Starting at the line with "2月23日下午,在內(nèi", return every line through the final one of the data, word for word. Pictures stay out.

Stored data:
────
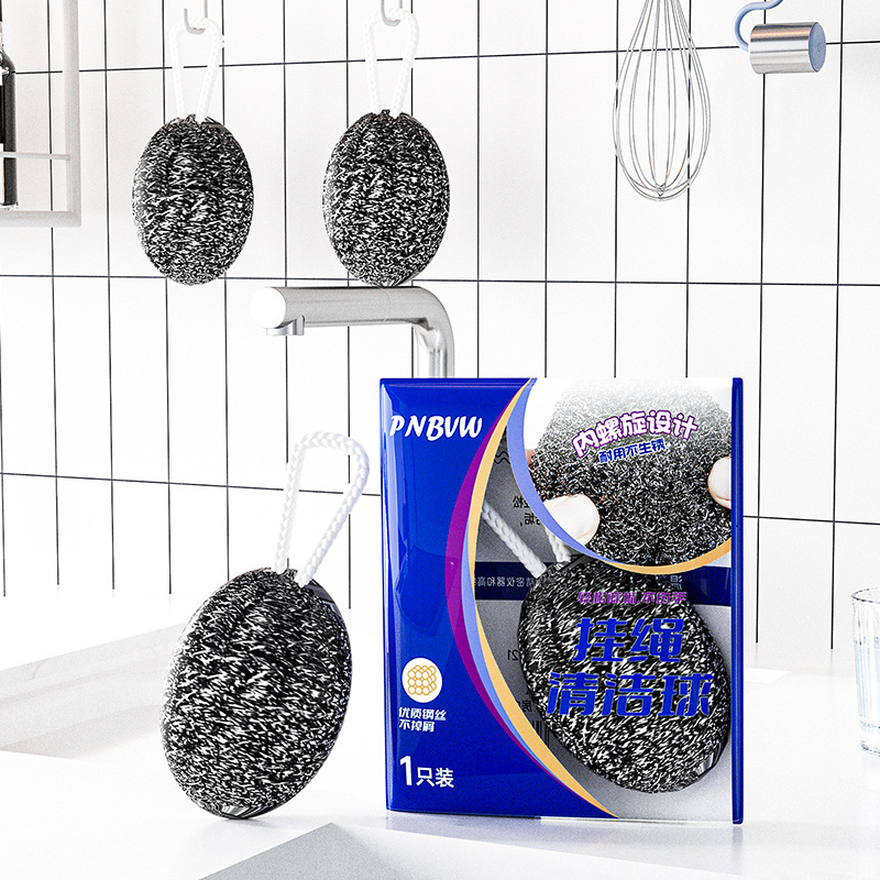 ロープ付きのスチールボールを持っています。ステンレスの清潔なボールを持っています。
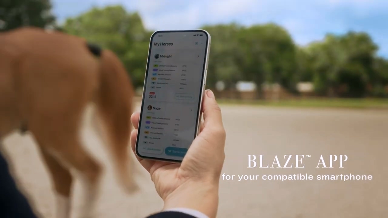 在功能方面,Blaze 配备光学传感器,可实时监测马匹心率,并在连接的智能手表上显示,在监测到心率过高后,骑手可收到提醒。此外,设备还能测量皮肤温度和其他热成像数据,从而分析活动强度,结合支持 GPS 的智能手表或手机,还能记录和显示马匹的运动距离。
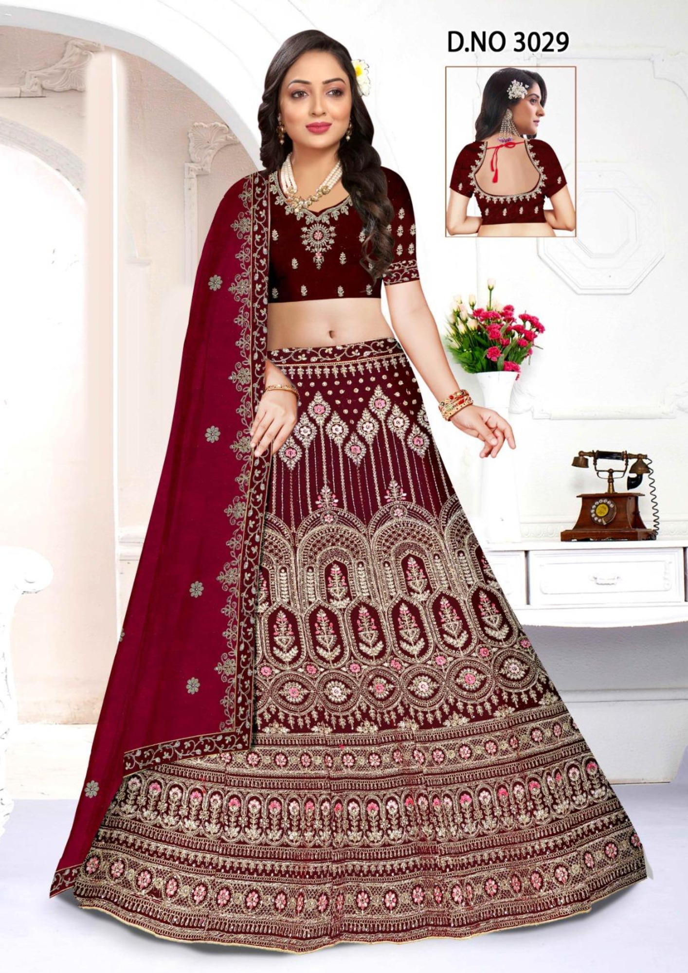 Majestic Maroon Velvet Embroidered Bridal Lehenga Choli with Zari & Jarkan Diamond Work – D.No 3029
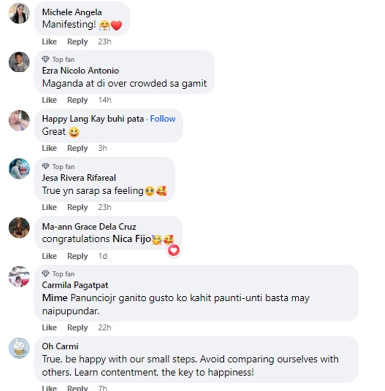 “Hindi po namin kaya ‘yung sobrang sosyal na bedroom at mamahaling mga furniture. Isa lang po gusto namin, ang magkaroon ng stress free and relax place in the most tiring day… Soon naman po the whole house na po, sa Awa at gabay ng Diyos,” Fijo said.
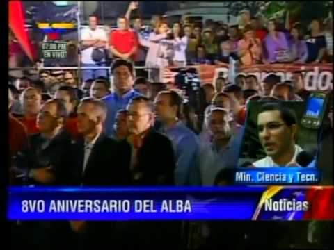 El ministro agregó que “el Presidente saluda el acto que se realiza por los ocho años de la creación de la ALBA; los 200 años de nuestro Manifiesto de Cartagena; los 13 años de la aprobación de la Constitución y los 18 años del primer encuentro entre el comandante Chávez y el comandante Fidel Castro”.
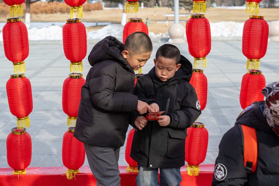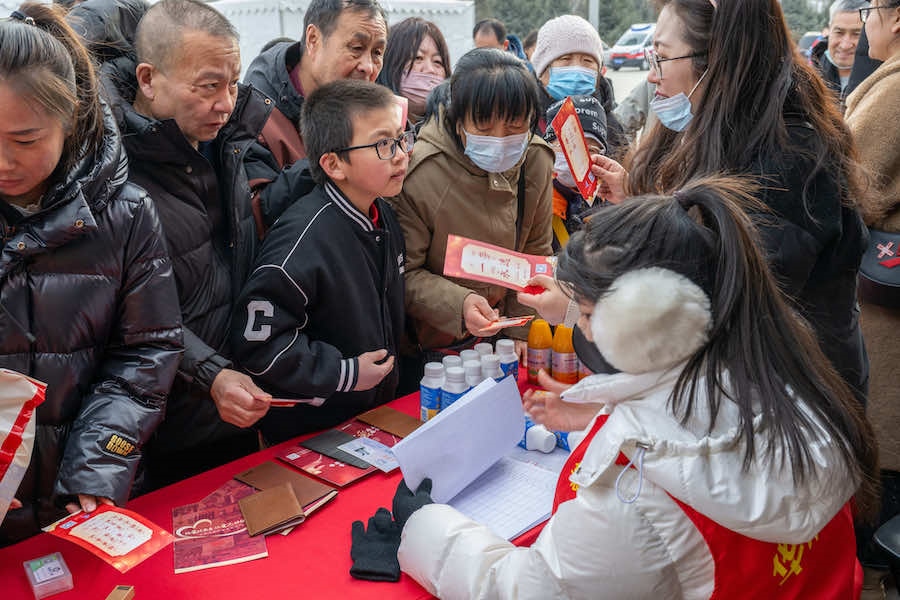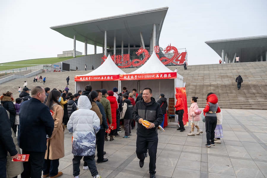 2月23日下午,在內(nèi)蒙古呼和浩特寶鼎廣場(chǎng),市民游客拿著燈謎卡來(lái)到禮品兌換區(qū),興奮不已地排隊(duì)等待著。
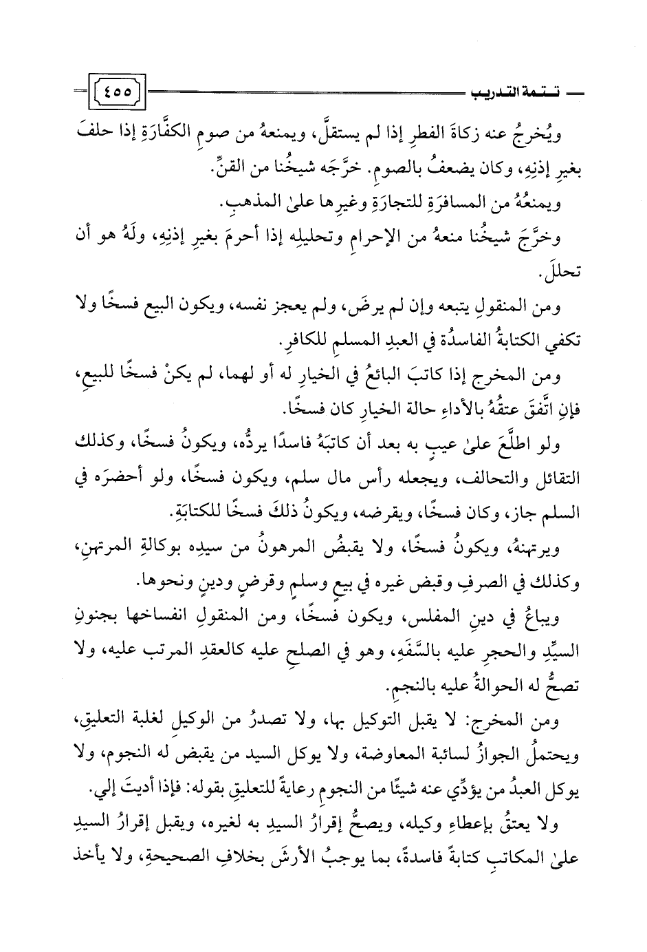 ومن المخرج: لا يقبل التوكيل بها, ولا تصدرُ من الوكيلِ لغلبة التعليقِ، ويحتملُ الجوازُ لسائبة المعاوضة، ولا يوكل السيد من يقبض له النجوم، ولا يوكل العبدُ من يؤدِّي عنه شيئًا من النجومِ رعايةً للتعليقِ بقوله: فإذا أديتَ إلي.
────
◆ Task result ◆
 2月23日下午,在內(nèi)蒙古呼和浩特寶鼎廣場(chǎng),市民游客拿著燈謎卡來(lái)到禮品兌換區(qū),興奮不已地排隊(duì)等待著。
 ومن المخرج: لا يقبل التوكيل بها, ولا تصدرُ من الوكيلِ لغلبة التعليقِ، ويحتملُ الجوازُ لسائبة المعاوضة، ولا يوكل السيد من يقبض له النجوم، ولا يوكل العبدُ من يؤدِّي عنه شيئًا من النجومِ رعايةً للتعليقِ بقوله: فإذا أديتَ إلي.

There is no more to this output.